**WHAT THE EXERCISE ASKS**:
Set down each record below exactly as it stands. Pictures are not part of the copy.
··· ENTRIES PROVIDED
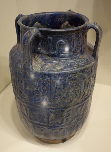Keywords: Jar with bands of calligraphic design, Iran, Seljuk period, late 12th or early 13th century, earthenware with molded relief decoration under a blue glaze - Cincinnati Art Museum - DSC04073.JPG en Exhibit in the Cincinnati Art Museum Cincinnati Ohio USA This artwork is in the public domain because the artist died more than 70 years ago Photography was permitted in the museum without restriction 2013-05-14 11 25 23 own Daderot cc-zero Seljuk pottery in the Cincinnati Art Museum Uploaded with UploadWizard |
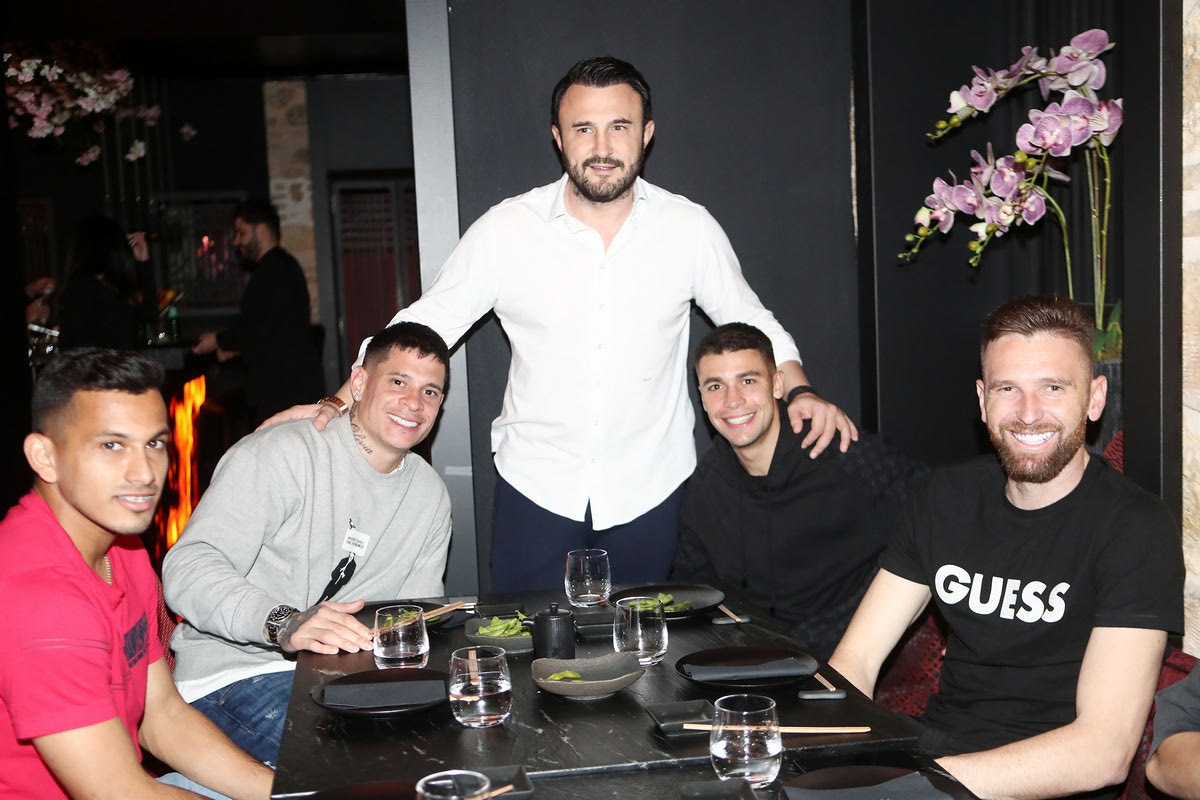 Ο Θεόδωρος Καρυπίδης με παίκτες του Άρη στο γεύμα που παρέθεσε
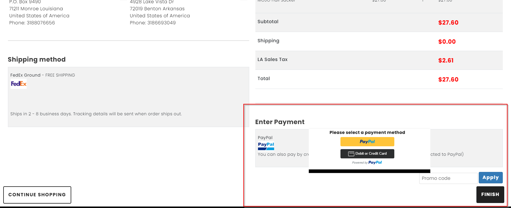 Clicking "finish" takes me to a new page with the paypal payment method selection:
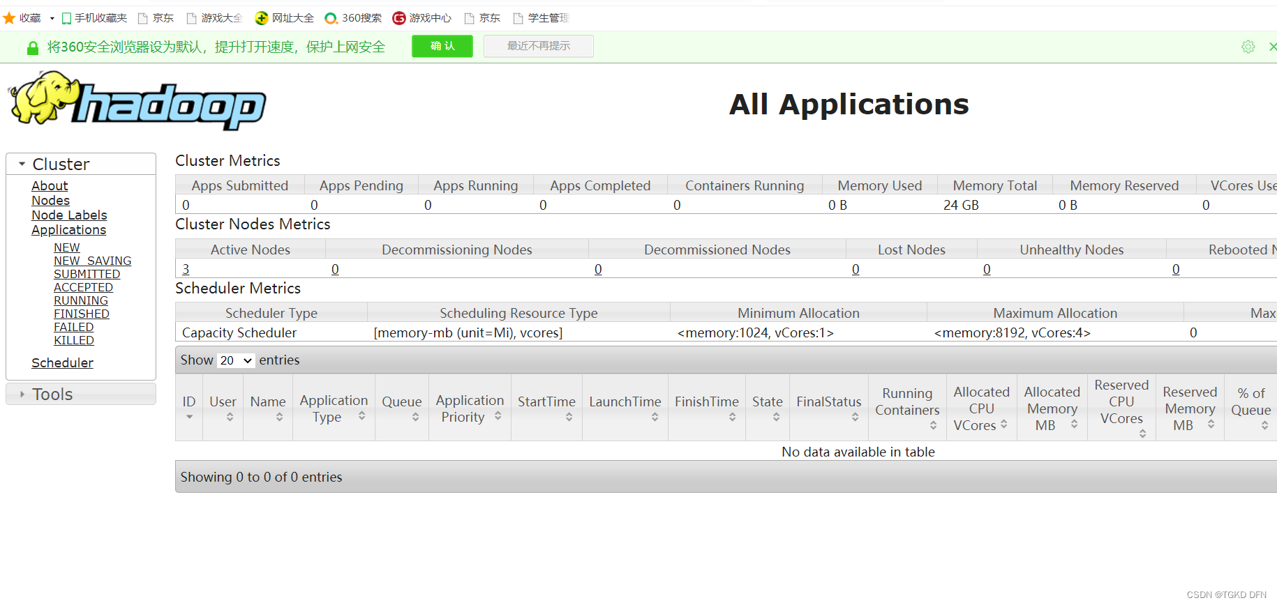 查看 http://Hadoop103:8088 页面,点击 History,查看历史页面
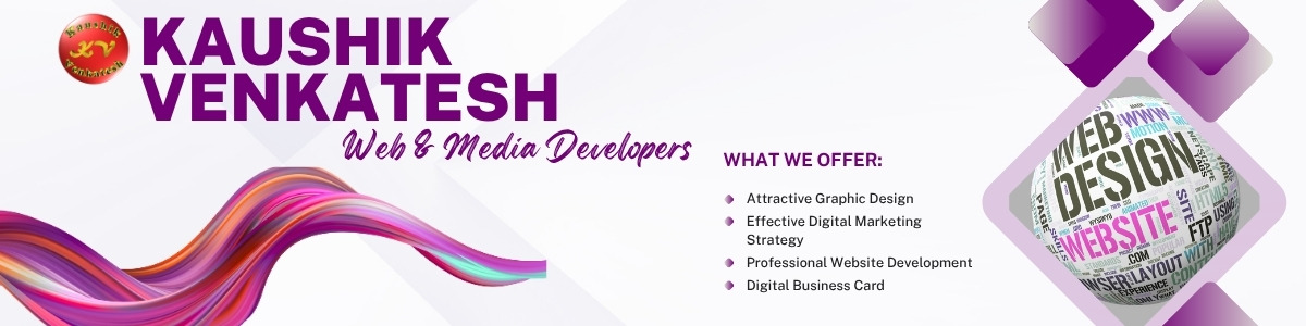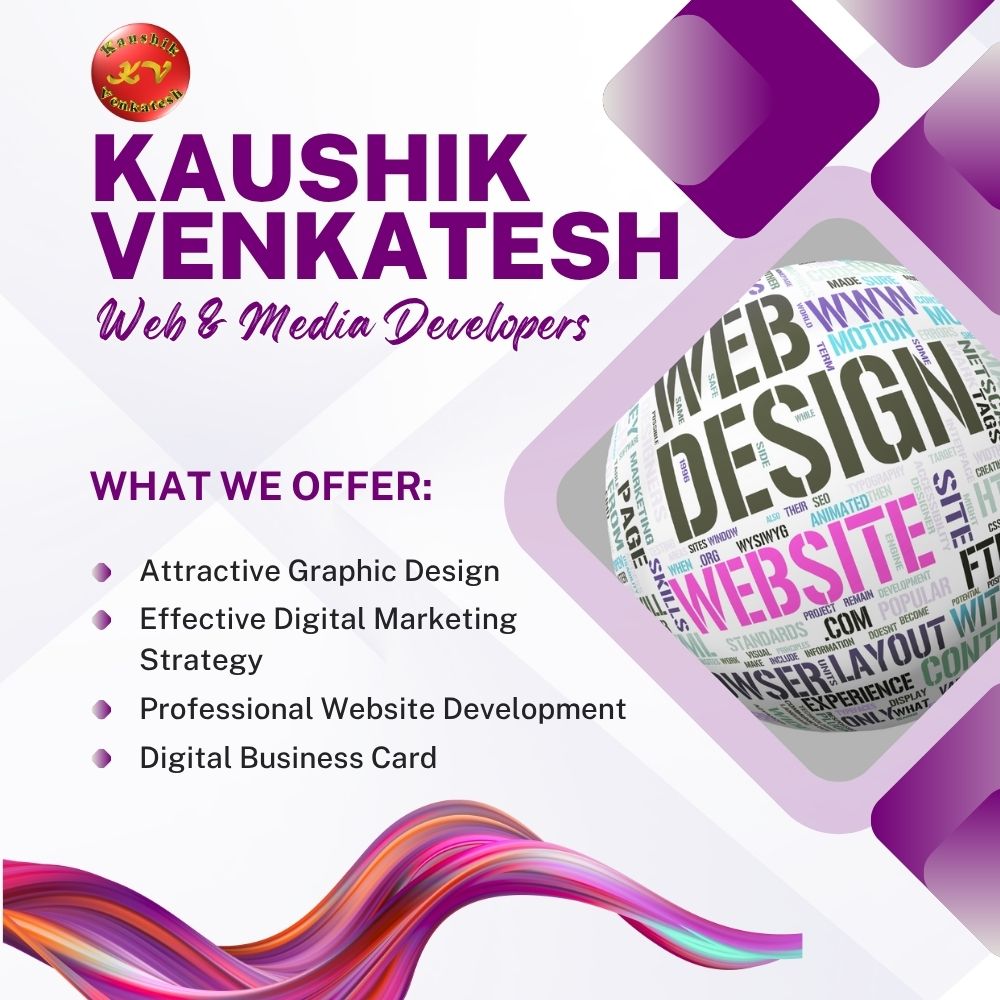 If you’re seeking top-notch services in Web Design and Development, Graphic Design, or Digital Invitations, look no further than Kaushik Venkatesh. We are specialized in creating captivating Social Media Content that elevates your brand’s online presence. In addition, Kaushik Venkatesh offers Digital Visiting Cards that make a lasting impression, along with effective Social Media Marketing strategies tailored to your needs. With expertise in Search Engine Optimization (SEO), we ensures your Digital Content reaches the right audience. Whether you need stunning visuals or a robust digital marketing plan, Kaushik Venkatesh is your go-to professional for all things digital. Contact Us today to transform your ideas into reality and enhance your business’s digital footprint.
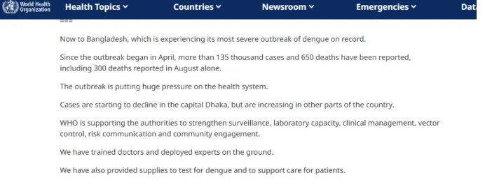 世衛(wèi)組織(WHO)周三表示,孟加拉國正在經(jīng)歷有記錄以來最嚴重的登革熱疫情,自4月份疫情爆發(fā)以來,該國報告了超過13.5萬例登革熱病例,已有650多人死亡。
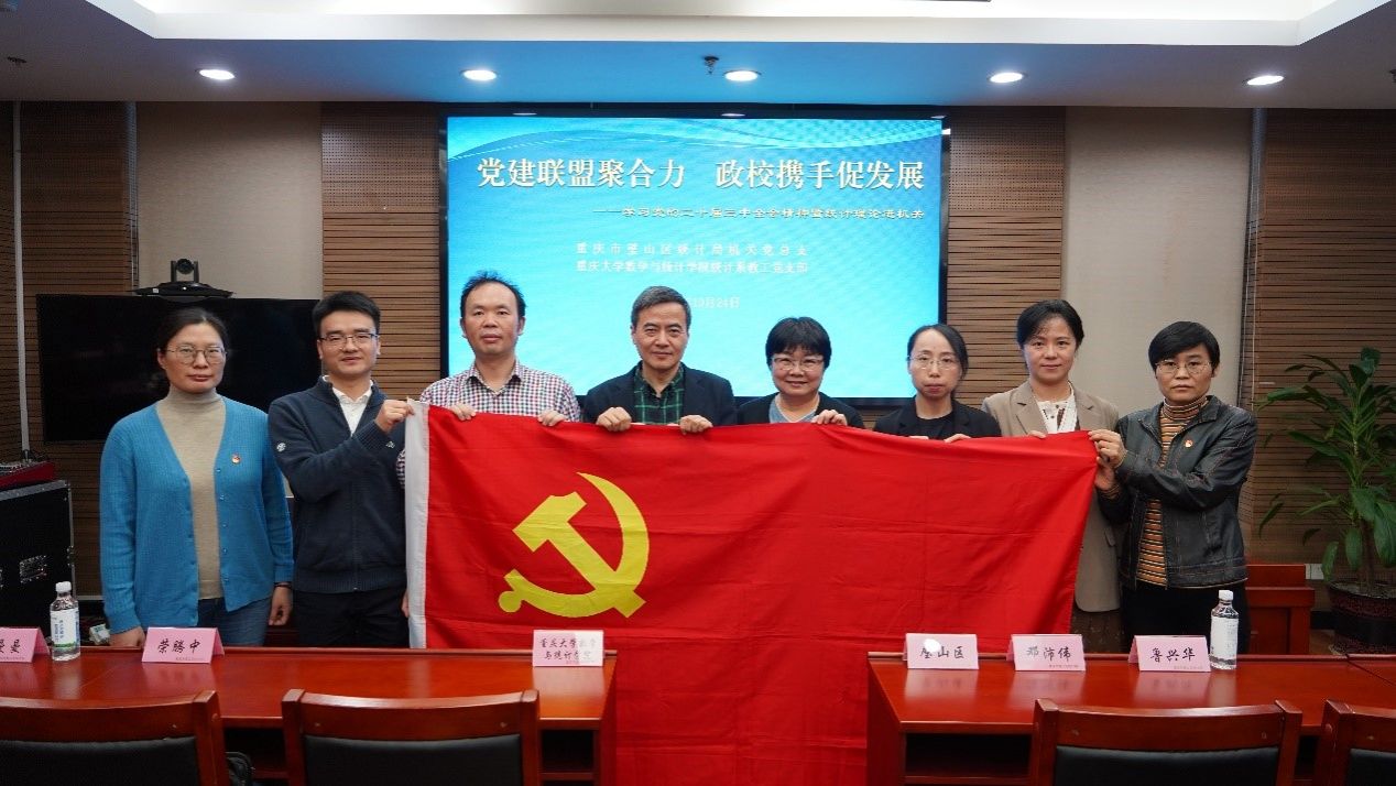 统计系教工党支部秉承相互学习交流、共享优势资源理念,积极探索校地党建共建新模式,激发基层党建高质量发展活力。10月24日,统计系教工党支部与璧山区统计局机关党总支联合开展“党建联盟聚合力,校地携手促发展”的主题党日活动,璧山区统计局党组书记邓沛伟主持会议,院党委书记刘卫红出席会议,双方党支部的全体党员同志参加此次会议。
······
**OUTPUT**:
Keywords: Jar with bands of calligraphic design, Iran, Seljuk period, late 12th or early 13th century, earthenware with molded relief decoration under a blue glaze - Cincinnati Art Museum - DSC04073.JPG en Exhibit in the Cincinnati Art Museum Cincinnati Ohio USA This artwork is in the public domain because the artist died more than 70 years ago Photography was permitted in the museum without restriction 2013-05-14 11 25 23 own Daderot cc-zero Seljuk pottery in the Cincinnati Art Museum Uploaded with UploadWizard |
 Ο Θεόδωρος Καρυπίδης με παίκτες του Άρη στο γεύμα που παρέθεσε
 Clicking "finish" takes me to a new page with the paypal payment method selection:
 查看 http://Hadoop103:8088 页面,点击 History,查看历史页面
 If you’re seeking top-notch services in Web Design and Development, Graphic Design, or Digital Invitations, look no further than Kaushik Venkatesh. We are specialized in creating captivating Social Media Content that elevates your brand’s online presence. In addition, Kaushik Venkatesh offers Digital Visiting Cards that make a lasting impression, along with effective Social Media Marketing strategies tailored to your needs. With expertise in Search Engine Optimization (SEO), we ensures your Digital Content reaches the right audience. Whether you need stunning visuals or a robust digital marketing plan, Kaushik Venkatesh is your go-to professional for all things digital. Contact Us today to transform your ideas into reality and enhance your business’s digital footprint.
 世衛(wèi)組織(WHO)周三表示,孟加拉國正在經(jīng)歷有記錄以來最嚴重的登革熱疫情,自4月份疫情爆發(fā)以來,該國報告了超過13.5萬例登革熱病例,已有650多人死亡。
 统计系教工党支部秉承相互学习交流、共享优势资源理念,积极探索校地党建共建新模式,激发基层党建高质量发展活力。10月24日,统计系教工党支部与璧山区统计局机关党总支联合开展“党建联盟聚合力,校地携手促发展”的主题党日活动,璧山区统计局党组书记邓沛伟主持会议,院党委书记刘卫红出席会议,双方党支部的全体党员同志参加此次会议。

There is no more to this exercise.